China’s two major constellations—Qianfan (千帆) with a planned scale of over 15,000 satellites and Guowang (国网) with a planned scale of about 13,000 satellites—together have nearly 30,000 planned satellites, but the current actual number in orbit is not even a fraction of the opponent’s.
Frequency bands and orbital slots wait for no one. For every year of delay, a batch of high-quality slots is lost. Technological breakthroughs cannot overcome this hurdle; it relies on launch speed.
The fourth hurdle: industrial homogeneity and involution.
More than 20 provinces nationwide have introduced commercial aerospace support policies, with almost every province proposing to “build a 100-billion-level industrial cluster.” The directions are highly overlapping, concentrating on rocket and satellite manufacturing.
The risk of regional resource misallocation is not small; some compare it to the eve of the previous round of PV expansion.
The profit structure is equally fragile: about 65% of revenue relies on low value-added businesses such as emergency communications, transportation, and logistics, while in high-value scenarios such as space manufacturing and space insurance, the participation of private enterprises is extremely low.
The fifth hurdle: shortage in institutional supply.
To this day, China does not have a comprehensive “Space Basic Law,” and core legal frameworks such as launch damage compensation and liability sharing are missing.
In 2025, China conducted 92 space launches throughout the year, with private rocket enterprises completing 16 of them: CAS Space 5, Galactic Energy 6, LandSpace 3, i-Space 1, and Orienspace (东方空间) 1, accounting for less than 18%.
There is also a mismatch in the capital structure: the R&D cycle for commercial aerospace is 5–10 years, while the average exit cycle for domestic venture capital is 3–5 years, leaving an unbridgeable time gap in between.
Three roads, every one leads to Rome
1. Reusable rockets break the cost ceiling.
If launch costs cannot be brought down, a closed business loop is out of the question.
SpaceX’s flywheel is already spinning: reusable rockets have brought down launch costs → Starlink’s large-scale networking → Starlink’s revenue in 2025 is about USD 10.6 billion → this money is reinvested into rocket and Starship R&D. The entire system is self-sustaining.

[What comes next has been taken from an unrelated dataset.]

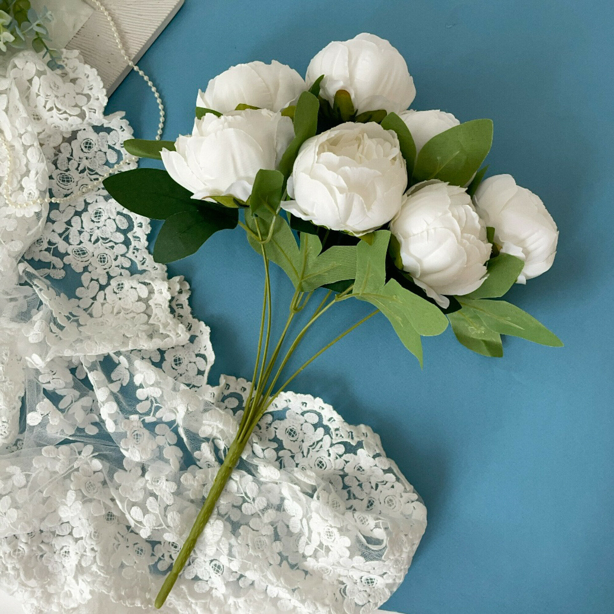 Пионы Белые искусственные евро, букет 32 см, 8 голов, набор 2 шт.

China needs the same flywheel. What was missing was the first step, and that step is happening now.
In December 2025, LandSpace’s Zhuque-3 (朱雀三号) completed its maiden orbital flight. Although the first-stage recovery was not successful, flight verification data has already been obtained. Tianlong-3 is currently in progress, and Hyperbola-3 just completed its sea recovery drop test in May 2026. According to industry estimates, once first-stage recovery stabilizes, the cost per kilogram is expected to drop from RMB 14,000–20,000 to under RMB 10,000, entering the same tier as Falcon 9.
It is not a question of whether China has it, but when stable mass production will be achieved.
2. From “courier” to “logistics empire.”
The current situation of domestic commercial rocket enterprises is quite awkward—they transport satellites for others but do not participate in the revenue distribution of satellite operations.
SpaceX runs a courier company, owns all the goods to be shipped, and also operates the world’s largest cargo storage system—Starlink (星链).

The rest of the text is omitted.